Sacred Aboriginal Artefact In Sale At The Canterbury Auction Galleries On Wednesday September 7, UK auctioneers The Canterbury Auction Galleries will sell an ancient stone Churinga, a sacred object of mystical significance to the Aborigine nation. Estimate £4,0000-6,000
News-Antique.com - Aug 31,2011 - Ancient carved stone once belonged to Archer Russell
explorer and writer, now a ‘forgotten son of Australia’
To the uninitiated, it looks like a large, flat pebble with a few scratchings on it. To naturalist, writer, traveller and social historian Archer Russell, it epitomised a lifetime spent wandering on walkabouts lasting several months. To the Arunta people of Central Desert Australia, it is an Aboriginal Churinga, a sacred object of mystical significance.
To the Kent lady in whose ownership the stone has been for the last 50 years, it is a memorial to a man she knew only briefly but who instilled in her a love of the continent and an appreciation of its vast beauty. With the sale of the Churinga at The Canterbury Auction Galleries on September 6-7, she hopes it will serve to reawaken public awareness of a “lost son of Australia”, both here and abroad.
George Ernest Archer Russell (1881-1960) was a Fellow of the Royal Anthropological Society, a prolific writer – he penned hundreds of newspaper columns and seven books including a biography of the British-born Australian agriculturalist William Farrer – and was believed to be a literary editor of the Sydney Morning Herald. Yet he is virtually unknown in the country he loved.

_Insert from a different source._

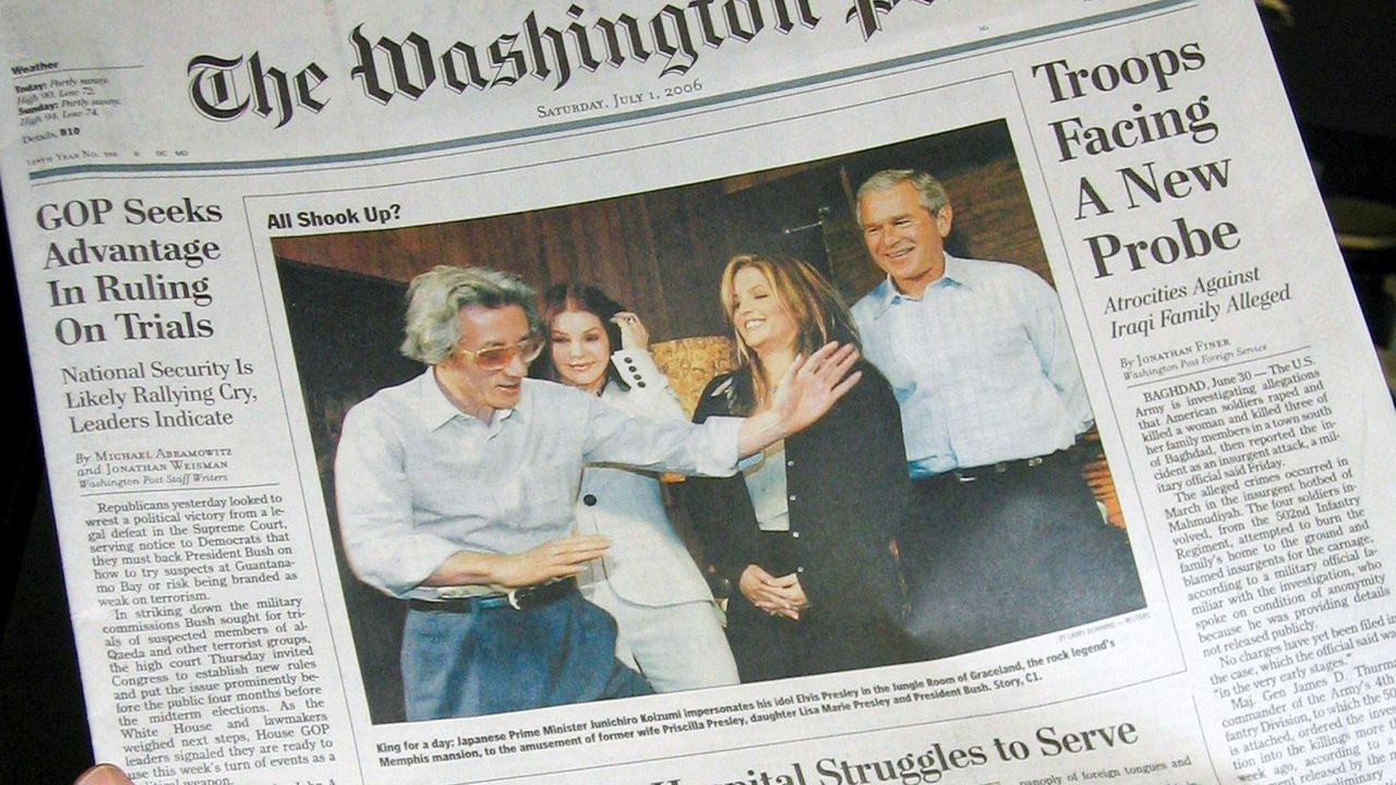 (Translated from Japanese. Banner photo: The front page of the July 1, 2006, edition of the Washington Post displays a photograph of Prime Minister Koizumi Jun’ichirō imitating Elvis Presley. © Jiji.)
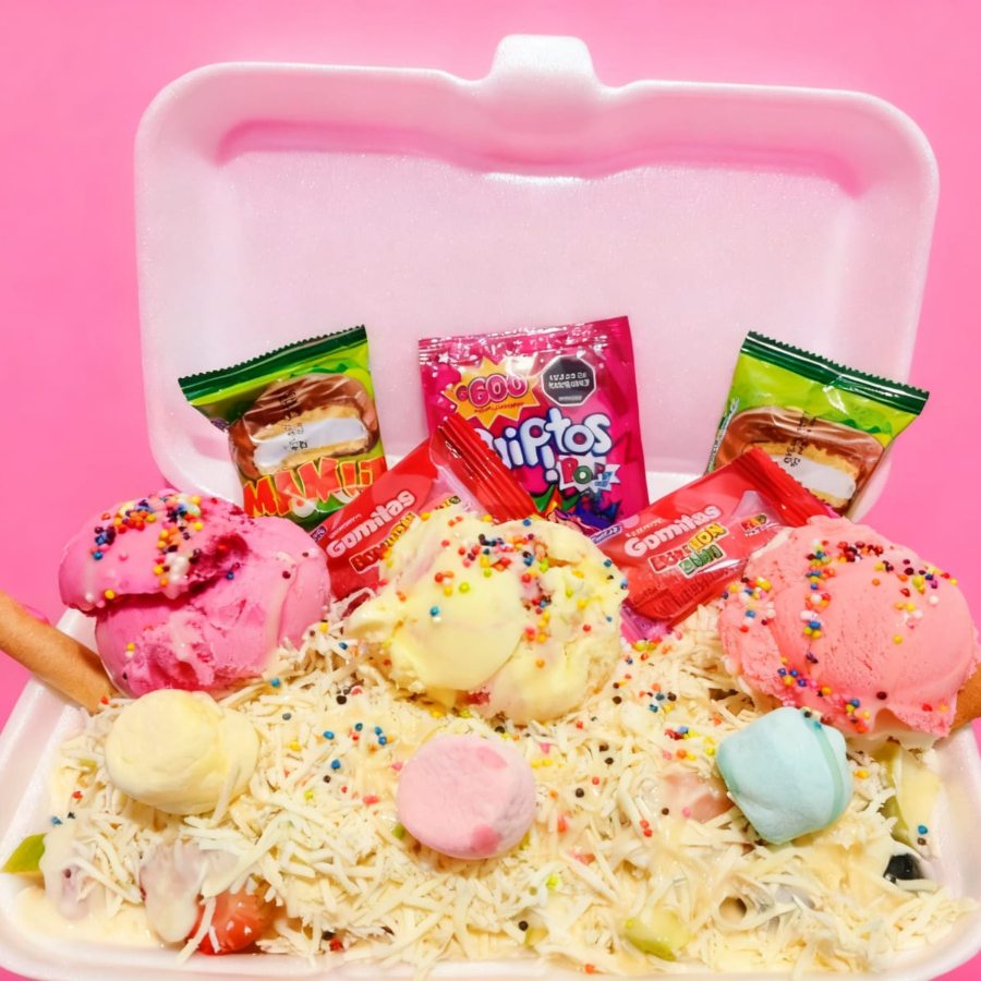 DISFRUTA DE UN ANTOJO DE HELADO PARA COMPARTIR Y ELEJIR TUS GOLOSINAS FAVORITAS : ( 3 ) BOLAS DE HELADO - ACOMPAÑADAS DE ( 1 ) TOPPING - GOMITAS - MASMELOS - SALSAS Y ADEREZO TODO ESTO A ELECCION DE TU PALADAR .

The vendor met Archer when her husband was posted to Australia in 1959. “We moved into a property in Darling Point Road in Sydney and he lived in the apartment upstairs with his second wife, Essie,” she said. “I became very fond of them both, and some years later I chose Essie to be Godmother to our first son.
“I knew Archer to be an explorer, starting up the first white trading post in the Congo, but I believe without much success as on a hunt to get crocodile skins, he found on his return that his Belgium partner had upped sticks and disappeared with the stock and profit. Another venture was growing vines on the banks of the Murray – he always thought Australia could be a threat to the French wine industry – but he didn’t stay at it long enough to prove the point.”
She said she recalled going to the Lido cinema in Golders Green as a child and seeing a film about Australia Aborigines with “the glorious figure of Bob Tudawali striding across the screen”. Ironically, as an actress, she was to appear with him on Australian television.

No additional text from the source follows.